We don’t think these can be seen as “either/or” meanings. True integrity demands “both/and”. “Complete and undivided” requires an object of alignment–an anchor. An anchor that only applies in part of your life and can be abandoned in others hardly sounds like true integrity.
These two meanings point to the critical deficiency in the word integrity, by itself, to serve as a plumbline for the leader of an organization who professes a Biblical faith. It lacks a transcendent anchor. Rick Warren once described integrity as follows: “Integrity is uncorrupted motivation. It means you do the right thing, and you do it for the right reason.” But does the word integrity tell us what’s “right”?
Anchorless Morality
Both dictionaries use the concept of morality as the anchor of integrity. The Cambridge Dictionary presents an individual meaning of “moral” as well as a communal one, but it is the communal one that matters in leading an organization of humans in the context of various stakeholders such as owners, customers and vendors (emphasis added):
Behaving in ways considered by most people to be correct and honest.

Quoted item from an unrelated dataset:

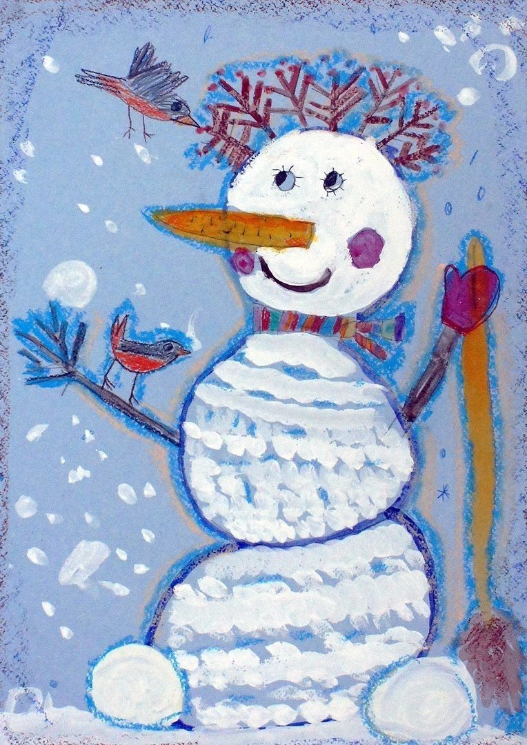 ![Снеговик рисунок гуашью]()
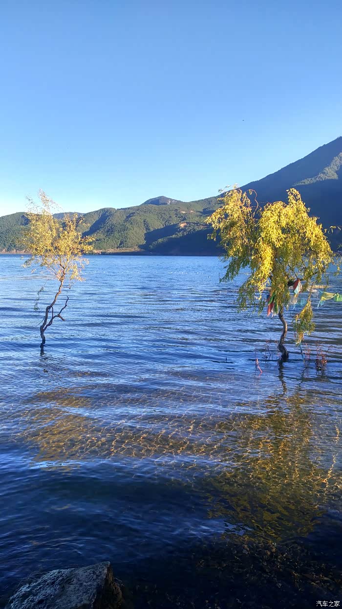 走阿海电站过去。老婆她们听说有十多公里弹坑路,路险。车上有小孩,放弃这条路!其实我很想走这条。第三条路走永胜县到宁蒗再到泸沽湖。走下面绕了一圈,过了永胜到宁蒗的省道还是不咋样。山路十八弯弯弯,还是弯。当天下午5点到泸沽湖,当看到泸沽湖的那一刻,路上的辛苦没有值得!入住下落水青瓦花楼客栈,客栈也不贵,干净卫生,硬件也好!晚上点了土鸡米线和烤鱼,老板亲自下厨。吃饭的遇见成都奔驰老乡,一男一女玩了泸沽湖准备去丽江!聊了下说祭神台有家好人小吃味道可以,三十元管饱!吃了饭三十元去看表演,感觉一般!

We think it is fair to say that the universe of behavior “most people” in the United States agree is “correct and honest” has been shrinking. In his book To Change the World: The Irony, Tragedy & Possibility of Christianity in the Late Modern World, James Hunter considers the ties that bind the world today:
The question of how societies hold together gains new poignancy in a world like ours, where even a minimal consensus of sensibilities, dispositions, and attitudes seems elusive, where there are even fewer beliefs, ideals, commitments, and hopes held deeply in common, where there are few if any real and meaningful traditions observed or binding public rituals practiced. . . . [I]n response to a thinning consensus of substantive beliefs and dispositions in the larger culture, there has been a turn toward politics as a foundation and structure for social solidarity. But politicization provides a framework of expectations and action and very little substantive content. In a diverse society, ideological polarization is a natural expression of the contest to provide that content.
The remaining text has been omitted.